Image Courtesy of Dina Salem, 2022
Ahmed Alaqra
Biography:Ahmed Alaqra is a Palestinian artist, architect, and curator whose practice interrogates the visual and material languages that shape our public realms. Working across photography, text, installation, and archival forms, he explores how meaning is constructed around everyday objects. His approach often centres on processes of unmaking and unlearning, challenging dominant narratives and opening space for alternative ways of seeing and learning.

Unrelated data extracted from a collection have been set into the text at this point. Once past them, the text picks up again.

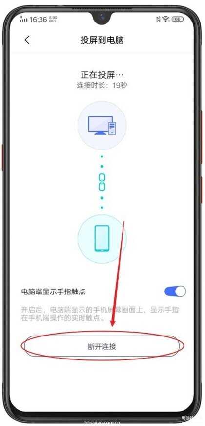 投屏成功后如果你想结束投屏的话,点击vivo互传投屏界面的“断开连接”即可。
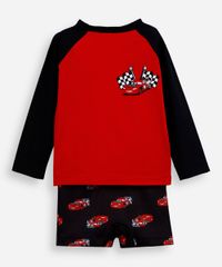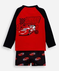 Conjunto infantil confeccionado em malha de poliamida com proteção 50+uva e uvb. A camiseta possui gola redonda, mangas longas, estampa frontal localizada do personagem "Relâmpago Macqueen" e acabamento pespontado. A sunga possui modelo box com padronagem do personagem "Relâmpago Macqueen" cós elástico, caimento reto e acabamento pespontado. Composição: 90% poliamida 10% elastano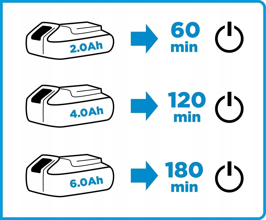 Время зарядки аккумуляторов составляет всего от 60 до 180 минут(в зависимости от их емкости):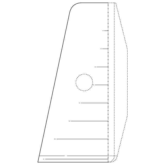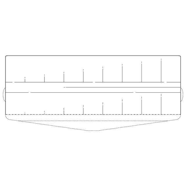 実線で表された部分が意匠登録を受けようとする部分である。一点鎖線は意匠登録を受けようとする部分とそれ以外の部分との境界のみを示す線である。実線で表された部分における途切れ状細線は立体表面の形状を特定するためのものである。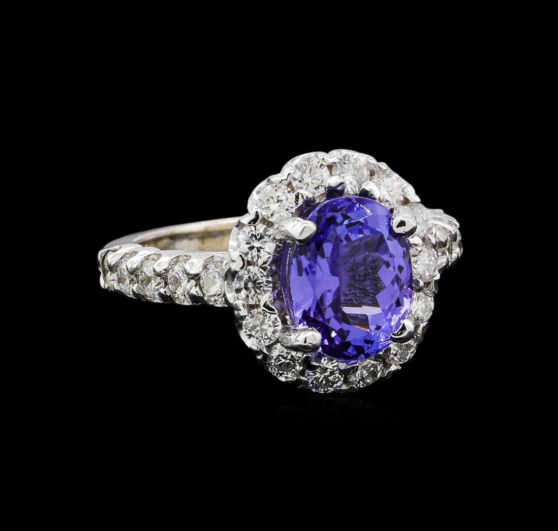 One electronically tested 14KT white gold lady's cast fashion ring with a basket halo with a bright polish finish. The featured lady's ring has a shank measuring 2.32 millimeters in width. Identified with markings of '14K'. Condition is new, good workmanship. Containing: One prong set oval modified brilliant cut natural tanzanite, measuring 9.68 x 7.60 x 5.75mm, (depth est.) 15%. bulge factor, approximate weight of 3.48ct., clarity is eye clean, medium, moderately strong, bluish violet color, (GIA bV 5/4), cut is good. Transmitting light with no distortion, transparent. Colored gemstones are presumed to have been subjected to commonly used enhancement processes. Graded in the setting. Twenty-Four prong set round brilliant cut diamonds, measuring 2.35 - 2.30 x 1.44mm (depth est.) approximate total weight of 24 Stones = 1.15ct. Graded in the setting. Clarity SI-1 to I-1. Color: H - I Cut Good. Total Weight of Colored Stones 3.48ct.. Total Weight of Diamonds 1.15ct.. Total Weight of Ring 6.40gm.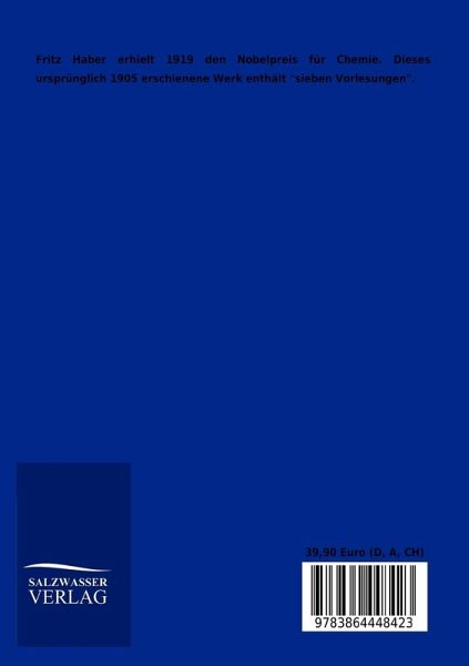 Fritz Haber erhielt 1919 den Nobelpreis für Chemie. Dieses ursprünglich 1905 erschienene Werk enthält "sieben Vorlesungen".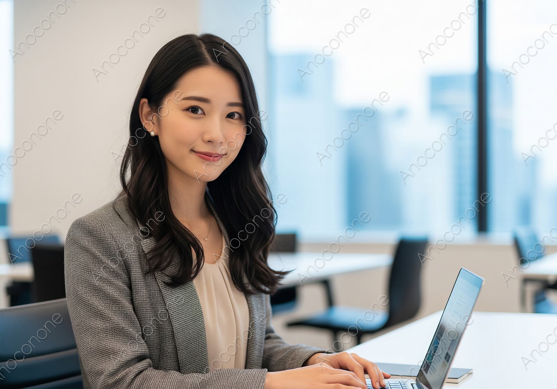 画像素材:都会の高層ビルが見える窓際のオフィスで、ノートパソコンに向かって仕事をする女性のアップ。グレーのジャケットを着用し、優しく自信に満ちた笑顔をこちらに向けています。現代の働く女性やキャリア、IT、ビジネスシーンを表現するのに最適な、清潔感とプロフェッショナルな雰囲気に満ちた写真素材です。

Alaqra has curated exhibitions across Europe and the Arab world, with recent projects including I Will Write Our Will Above the Clouds, a touring exhibition, and Salt-Kissed at Hayy Jameel in Jeddah. His work has also been presented at institutions such as the Qattan Foundation, ICD Brookfield Place, the Spore Initiative, and POUSH. Alaqra is the co-founder of the FANA’ Collective and EL-GORFEH - Palestine’s first community darkroom - both serving as experimental platforms for shared making, reflection, and collective agency. Currently, he is a fellow of the Arab Documentary Photography Program (ADPP).
Artwork Overview:
I remember. a light is a sculptural installation composed of translucent resin cubes, each containing the shape of a specific shadow. Sourced and modeled from analogue photographs taken in Sharjah - where the artist grew up - and Dubai, these shadows are not dramatic or iconic, but drawn from quiet, everyday interactions between light and urban surfaces: a stairwell’s edge, the lattice pattern cast by a palm, the brief shelter beneath a car. The work is both recollection and structure - a quiet archive of ephemeral contact between city, body, and sun.
Each cube is filled with three-dimensional form of a shadow, transforming a fleeting moment into a lasting form. The cubes are then assembled on shelves with free-standing 3D- printed shadows, forming library like structures. From a distance, the installation reads as a collection; up close, it reveals a series of intimate moments - preserved impressions of light meeting material and then moving on. The work draws conceptual resonance from the mashrabiya, a traditional architectural element that filters light, air, and visibility. Like the mashrabiya, the cubes modulate perception - offering thresholds rather than images, and memory instead of monumentality.
Alaqra’s broader practice often explores deformation as a form of spatial reclamation. Here, that approach is reflected in the inversion of shadow from negative space into sculptural volume. The result is an installation that reflects on light not as illumination, but as encounter.